TASK DIRECTIONS =>
Your response should consist solely of the records, written out exactly.

SOURCE MATERIAL =>
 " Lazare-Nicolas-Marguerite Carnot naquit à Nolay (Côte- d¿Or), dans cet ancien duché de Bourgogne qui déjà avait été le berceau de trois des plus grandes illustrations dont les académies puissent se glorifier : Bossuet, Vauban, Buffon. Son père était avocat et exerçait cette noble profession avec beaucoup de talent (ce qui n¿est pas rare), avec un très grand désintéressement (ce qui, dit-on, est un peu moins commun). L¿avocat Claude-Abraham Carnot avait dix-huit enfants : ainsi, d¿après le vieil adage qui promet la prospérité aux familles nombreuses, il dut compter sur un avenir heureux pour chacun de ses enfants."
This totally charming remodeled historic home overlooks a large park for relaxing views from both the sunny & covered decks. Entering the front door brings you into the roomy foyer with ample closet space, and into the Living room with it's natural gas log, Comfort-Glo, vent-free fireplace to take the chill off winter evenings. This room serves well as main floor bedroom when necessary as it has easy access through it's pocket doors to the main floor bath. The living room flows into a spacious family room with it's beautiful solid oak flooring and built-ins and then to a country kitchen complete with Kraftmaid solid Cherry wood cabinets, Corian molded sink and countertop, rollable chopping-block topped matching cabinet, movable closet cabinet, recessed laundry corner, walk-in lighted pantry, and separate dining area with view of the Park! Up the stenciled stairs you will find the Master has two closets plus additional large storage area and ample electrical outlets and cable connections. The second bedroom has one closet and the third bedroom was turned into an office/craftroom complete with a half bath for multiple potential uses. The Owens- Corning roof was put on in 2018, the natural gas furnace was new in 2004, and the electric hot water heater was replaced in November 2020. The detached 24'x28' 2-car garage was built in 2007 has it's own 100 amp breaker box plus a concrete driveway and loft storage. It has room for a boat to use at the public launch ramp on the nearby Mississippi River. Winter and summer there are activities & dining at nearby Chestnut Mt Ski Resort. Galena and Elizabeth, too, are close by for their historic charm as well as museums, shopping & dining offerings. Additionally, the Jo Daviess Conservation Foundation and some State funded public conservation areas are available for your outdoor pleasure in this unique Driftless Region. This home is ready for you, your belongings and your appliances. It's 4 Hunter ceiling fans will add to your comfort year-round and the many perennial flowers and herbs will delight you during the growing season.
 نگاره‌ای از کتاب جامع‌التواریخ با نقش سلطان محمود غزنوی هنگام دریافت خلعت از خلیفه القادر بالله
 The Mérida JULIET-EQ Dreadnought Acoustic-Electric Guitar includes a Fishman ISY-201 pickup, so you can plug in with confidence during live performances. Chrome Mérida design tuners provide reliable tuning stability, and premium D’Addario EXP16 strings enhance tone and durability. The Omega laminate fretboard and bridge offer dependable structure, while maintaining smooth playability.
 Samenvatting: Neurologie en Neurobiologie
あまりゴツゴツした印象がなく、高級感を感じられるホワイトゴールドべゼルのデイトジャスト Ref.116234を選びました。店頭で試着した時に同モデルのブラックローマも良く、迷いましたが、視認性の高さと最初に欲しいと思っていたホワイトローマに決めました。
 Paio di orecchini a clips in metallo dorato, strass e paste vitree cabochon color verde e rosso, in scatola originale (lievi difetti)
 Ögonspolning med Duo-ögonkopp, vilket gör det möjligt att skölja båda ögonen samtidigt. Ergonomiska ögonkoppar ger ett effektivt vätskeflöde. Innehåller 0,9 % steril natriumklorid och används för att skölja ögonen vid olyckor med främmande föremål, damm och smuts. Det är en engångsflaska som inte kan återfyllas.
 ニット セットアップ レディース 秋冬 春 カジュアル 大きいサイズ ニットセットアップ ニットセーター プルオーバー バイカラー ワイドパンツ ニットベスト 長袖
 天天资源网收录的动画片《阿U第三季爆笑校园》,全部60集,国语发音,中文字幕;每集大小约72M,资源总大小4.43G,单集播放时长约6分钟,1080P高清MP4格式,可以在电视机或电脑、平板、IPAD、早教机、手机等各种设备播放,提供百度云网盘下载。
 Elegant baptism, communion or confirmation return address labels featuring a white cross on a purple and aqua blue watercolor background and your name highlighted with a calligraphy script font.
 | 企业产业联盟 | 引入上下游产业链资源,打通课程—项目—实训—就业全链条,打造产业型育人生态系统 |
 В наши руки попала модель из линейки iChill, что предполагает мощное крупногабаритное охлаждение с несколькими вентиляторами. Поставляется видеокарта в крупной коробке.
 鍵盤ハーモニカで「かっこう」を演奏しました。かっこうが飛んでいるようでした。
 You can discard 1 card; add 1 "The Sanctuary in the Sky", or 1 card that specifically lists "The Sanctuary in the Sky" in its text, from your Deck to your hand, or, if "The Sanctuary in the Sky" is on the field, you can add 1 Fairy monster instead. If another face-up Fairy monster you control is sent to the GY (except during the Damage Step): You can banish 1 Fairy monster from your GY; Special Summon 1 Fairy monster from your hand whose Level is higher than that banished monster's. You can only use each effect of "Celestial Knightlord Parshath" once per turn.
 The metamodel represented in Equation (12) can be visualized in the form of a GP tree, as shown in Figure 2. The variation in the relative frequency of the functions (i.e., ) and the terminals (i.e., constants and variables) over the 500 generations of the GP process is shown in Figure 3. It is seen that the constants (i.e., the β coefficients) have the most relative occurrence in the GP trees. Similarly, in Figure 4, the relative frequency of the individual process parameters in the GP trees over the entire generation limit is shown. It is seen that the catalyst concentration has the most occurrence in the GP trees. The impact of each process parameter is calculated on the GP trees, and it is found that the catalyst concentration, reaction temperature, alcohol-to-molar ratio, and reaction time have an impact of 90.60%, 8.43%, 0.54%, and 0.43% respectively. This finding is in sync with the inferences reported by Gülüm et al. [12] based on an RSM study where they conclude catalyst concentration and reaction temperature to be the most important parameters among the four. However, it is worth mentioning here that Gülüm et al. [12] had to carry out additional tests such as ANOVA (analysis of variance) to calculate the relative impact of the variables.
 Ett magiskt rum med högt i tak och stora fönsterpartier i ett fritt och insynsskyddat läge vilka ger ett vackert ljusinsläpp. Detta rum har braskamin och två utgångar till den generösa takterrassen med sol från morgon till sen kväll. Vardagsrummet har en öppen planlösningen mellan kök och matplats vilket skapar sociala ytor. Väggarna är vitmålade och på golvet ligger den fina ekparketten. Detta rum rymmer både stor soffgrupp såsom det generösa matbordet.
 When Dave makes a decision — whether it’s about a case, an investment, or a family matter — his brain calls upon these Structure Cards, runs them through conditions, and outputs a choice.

THE ANSWER =>
 " Lazare-Nicolas-Marguerite Carnot naquit à Nolay (Côte- d¿Or), dans cet ancien duché de Bourgogne qui déjà avait été le berceau de trois des plus grandes illustrations dont les académies puissent se glorifier : Bossuet, Vauban, Buffon. Son père était avocat et exerçait cette noble profession avec beaucoup de talent (ce qui n¿est pas rare), avec un très grand désintéressement (ce qui, dit-on, est un peu moins commun). L¿avocat Claude-Abraham Carnot avait dix-huit enfants : ainsi, d¿après le vieil adage qui promet la prospérité aux familles nombreuses, il dut compter sur un avenir heureux pour chacun de ses enfants."
This totally charming remodeled historic home overlooks a large park for relaxing views from both the sunny & covered decks. Entering the front door brings you into the roomy foyer with ample closet space, and into the Living room with it's natural gas log, Comfort-Glo, vent-free fireplace to take the chill off winter evenings. This room serves well as main floor bedroom when necessary as it has easy access through it's pocket doors to the main floor bath. The living room flows into a spacious family room with it's beautiful solid oak flooring and built-ins and then to a country kitchen complete with Kraftmaid solid Cherry wood cabinets, Corian molded sink and countertop, rollable chopping-block topped matching cabinet, movable closet cabinet, recessed laundry corner, walk-in lighted pantry, and separate dining area with view of the Park! Up the stenciled stairs you will find the Master has two closets plus additional large storage area and ample electrical outlets and cable connections. The second bedroom has one closet and the third bedroom was turned into an office/craftroom complete with a half bath for multiple potential uses. The Owens- Corning roof was put on in 2018, the natural gas furnace was new in 2004, and the electric hot water heater was replaced in November 2020. The detached 24'x28' 2-car garage was built in 2007 has it's own 100 amp breaker box plus a concrete driveway and loft storage. It has room for a boat to use at the public launch ramp on the nearby Mississippi River. Winter and summer there are activities & dining at nearby Chestnut Mt Ski Resort. Galena and Elizabeth, too, are close by for their historic charm as well as museums, shopping & dining offerings. Additionally, the Jo Daviess Conservation Foundation and some State funded public conservation areas are available for your outdoor pleasure in this unique Driftless Region. This home is ready for you, your belongings and your appliances. It's 4 Hunter ceiling fans will add to your comfort year-round and the many perennial flowers and herbs will delight you during the growing season.
 نگاره‌ای از کتاب جامع‌التواریخ با نقش سلطان محمود غزنوی هنگام دریافت خلعت از خلیفه القادر بالله
 The Mérida JULIET-EQ Dreadnought Acoustic-Electric Guitar includes a Fishman ISY-201 pickup, so you can plug in with confidence during live performances. Chrome Mérida design tuners provide reliable tuning stability, and premium D’Addario EXP16 strings enhance tone and durability. The Omega laminate fretboard and bridge offer dependable structure, while maintaining smooth playability.
 Samenvatting: Neurologie en Neurobiologie
あまりゴツゴツした印象がなく、高級感を感じられるホワイトゴールドべゼルのデイトジャスト Ref.116234を選びました。店頭で試着した時に同モデルのブラックローマも良く、迷いましたが、視認性の高さと最初に欲しいと思っていたホワイトローマに決めました。
 Paio di orecchini a clips in metallo dorato, strass e paste vitree cabochon color verde e rosso, in scatola originale (lievi difetti)
 Ögonspolning med Duo-ögonkopp, vilket gör det möjligt att skölja båda ögonen samtidigt. Ergonomiska ögonkoppar ger ett effektivt vätskeflöde. Innehåller 0,9 % steril natriumklorid och används för att skölja ögonen vid olyckor med främmande föremål, damm och smuts. Det är en engångsflaska som inte kan återfyllas.
 ニット セットアップ レディース 秋冬 春 カジュアル 大きいサイズ ニットセットアップ ニットセーター プルオーバー バイカラー ワイドパンツ ニットベスト 長袖
 天天资源网收录的动画片《阿U第三季爆笑校园》,全部60集,国语发音,中文字幕;每集大小约72M,资源总大小4.43G,单集播放时长约6分钟,1080P高清MP4格式,可以在电视机或电脑、平板、IPAD、早教机、手机等各种设备播放,提供百度云网盘下载。
 Elegant baptism, communion or confirmation return address labels featuring a white cross on a purple and aqua blue watercolor background and your name highlighted with a calligraphy script font.
 | 企业产业联盟 | 引入上下游产业链资源,打通课程—项目—实训—就业全链条,打造产业型育人生态系统 |
 В наши руки попала модель из линейки iChill, что предполагает мощное крупногабаритное охлаждение с несколькими вентиляторами. Поставляется видеокарта в крупной коробке.
 鍵盤ハーモニカで「かっこう」を演奏しました。かっこうが飛んでいるようでした。
 You can discard 1 card; add 1 "The Sanctuary in the Sky", or 1 card that specifically lists "The Sanctuary in the Sky" in its text, from your Deck to your hand, or, if "The Sanctuary in the Sky" is on the field, you can add 1 Fairy monster instead. If another face-up Fairy monster you control is sent to the GY (except during the Damage Step): You can banish 1 Fairy monster from your GY; Special Summon 1 Fairy monster from your hand whose Level is higher than that banished monster's. You can only use each effect of "Celestial Knightlord Parshath" once per turn.
 The metamodel represented in Equation (12) can be visualized in the form of a GP tree, as shown in Figure 2. The variation in the relative frequency of the functions (i.e., ) and the terminals (i.e., constants and variables) over the 500 generations of the GP process is shown in Figure 3. It is seen that the constants (i.e., the β coefficients) have the most relative occurrence in the GP trees. Similarly, in Figure 4, the relative frequency of the individual process parameters in the GP trees over the entire generation limit is shown. It is seen that the catalyst concentration has the most occurrence in the GP trees. The impact of each process parameter is calculated on the GP trees, and it is found that the catalyst concentration, reaction temperature, alcohol-to-molar ratio, and reaction time have an impact of 90.60%, 8.43%, 0.54%, and 0.43% respectively. This finding is in sync with the inferences reported by Gülüm et al. [12] based on an RSM study where they conclude catalyst concentration and reaction temperature to be the most important parameters among the four. However, it is worth mentioning here that Gülüm et al. [12] had to carry out additional tests such as ANOVA (analysis of variance) to calculate the relative impact of the variables.
 Ett magiskt rum med högt i tak och stora fönsterpartier i ett fritt och insynsskyddat läge vilka ger ett vackert ljusinsläpp. Detta rum har braskamin och två utgångar till den generösa takterrassen med sol från morgon till sen kväll. Vardagsrummet har en öppen planlösningen mellan kök och matplats vilket skapar sociala ytor. Väggarna är vitmålade och på golvet ligger den fina ekparketten. Detta rum rymmer både stor soffgrupp såsom det generösa matbordet.
 When Dave makes a decision — whether it’s about a case, an investment, or a family matter — his brain calls upon these Structure Cards, runs them through conditions, and outputs a choice.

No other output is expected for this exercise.